La favorite de Paul Van Doren ? L’ « UltraRange »
Mais les affaires ne vont pas bien pour autant. Vans s’éparpille, sa gamme est trop large, la marque tente de concurrencer Nike et Adidas sur leurs terrains. Et 1984, la société dépose une demande de protection en vertu du chapitre 11 de la loi sur les faillites américaine. Il faudra le retour de Paul Van Doren – parti une première fois à la retraite en 1980- à la présidence de la société pour la remettre sur les rails avant qu’il la quitte définitivement en 1988. Non sans prendre soin d’y installer quelques membres de sa famille : La petite-fille Kristy Van Doren est directrice principale du marketing de Vans pour les Amériques du Nord ; la petite-fille Jenny Battiest est directrice du merchandising pour les Amériques, et la fille Cheryl Van Doren est vice-présidente des ressources humaines, selon le magazine américain WWD.

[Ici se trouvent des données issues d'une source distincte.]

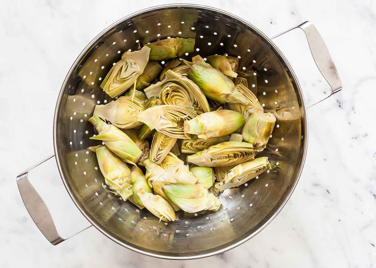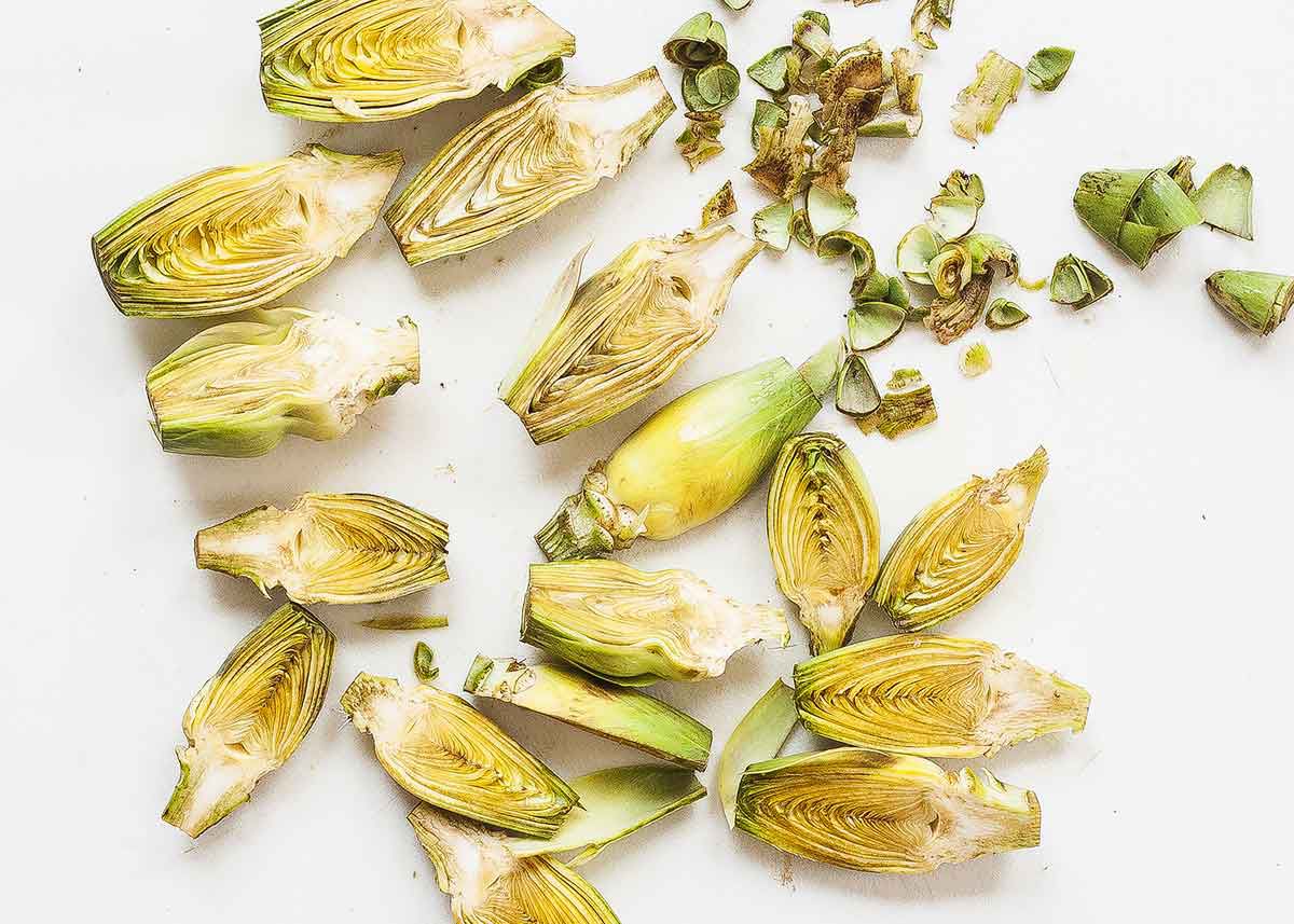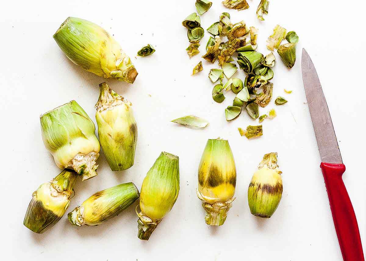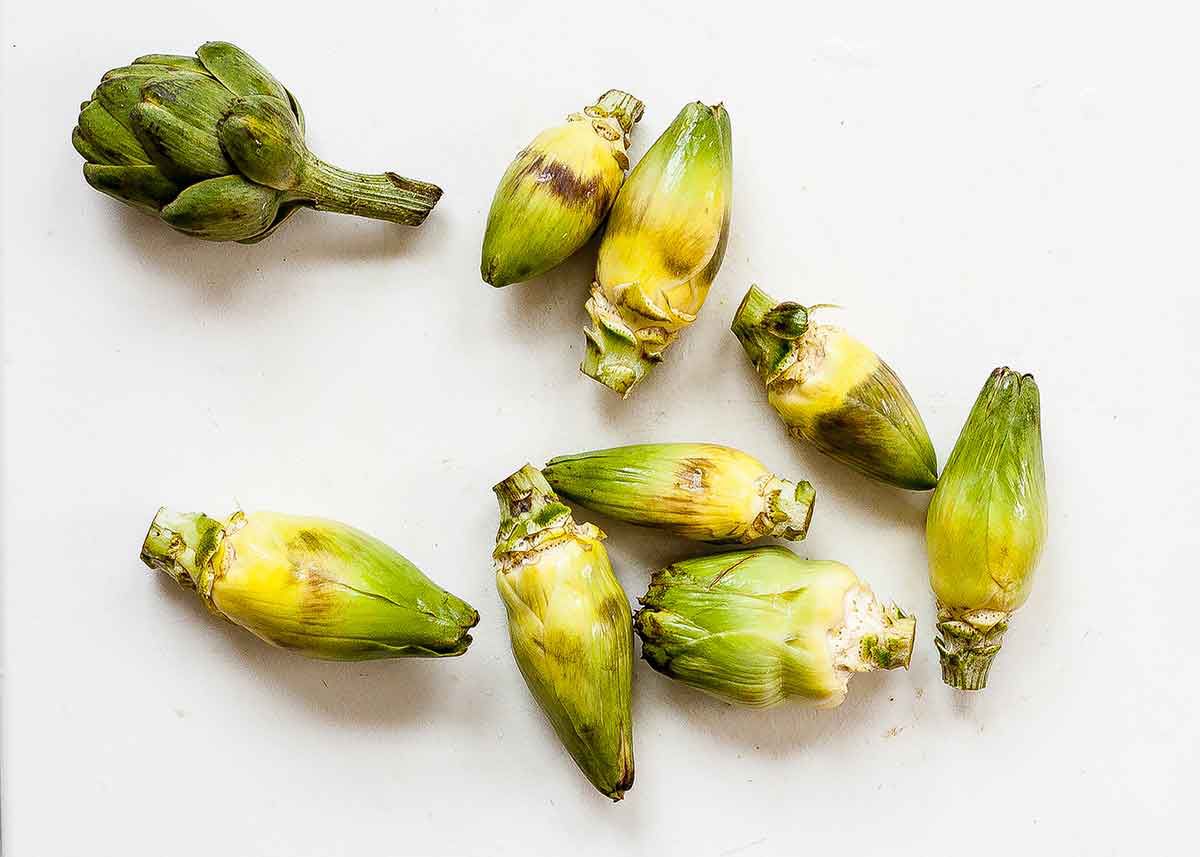 Unlike larger artichokes, more parts of these small ones are edible. You don't have to scoop out the choke, you can eat it with the rest of the heart and tender leaves.You can also simmer the discarded leaves in water for an hour to make an artichoke vegetable stock for soup, so nothing goes to waste.

Aujourd’hui, la marque – vendue en 2004 au groupe VF Corporation, propriétaire notamment de The North Face et de Supreme – pèse 4 milliards de dollars et continue d’occuper le terrain sur tous les fronts de la culture jeune. Via des événement musicaux, tels que le Vans Warped Tour qui a tourné pendant 25 ans, devenant un tremplin pour Katy Perry, Green Day, Eminem, Black Eyed Peas et bien d’autres. La collaboration avec Karl Lagerfeld, Marc Jacobs et surtout avec Supreme, en 1996, très médiatisée. Et bien sûr l’ouverture de skate parks partout dans le monde, sans parler de la création d’événements de la glisse. A commencer par le Vans US Open of Surfing, le Vans Duct Tape Festival, évènement de longboard classic et le Vans Triple Crown. De quoi consolider ses bases dans le milieu de surf, du skate et du snowboard. En France, le team Vans est large. Côté surf, on compte Lee-Ann Curren, Margaux Arramon-Tucoo, Clovis Donizetti, Adrien Toyon, Titouan Boyer, Kepa et Gaizka Housset ou encore Jules Lepecheux. Côté skate : Victor Pellegrin, Sam Partaix et Valentin Bauer, pour ne citer qu’eux.
A leurs pieds, des vans. Peu avant sa mort, Paul Van Doren en portait lui aussi, à 90 ans. Des « UltraRange » avec une bande blanche. Ses préférées, expliquait-il volontiers.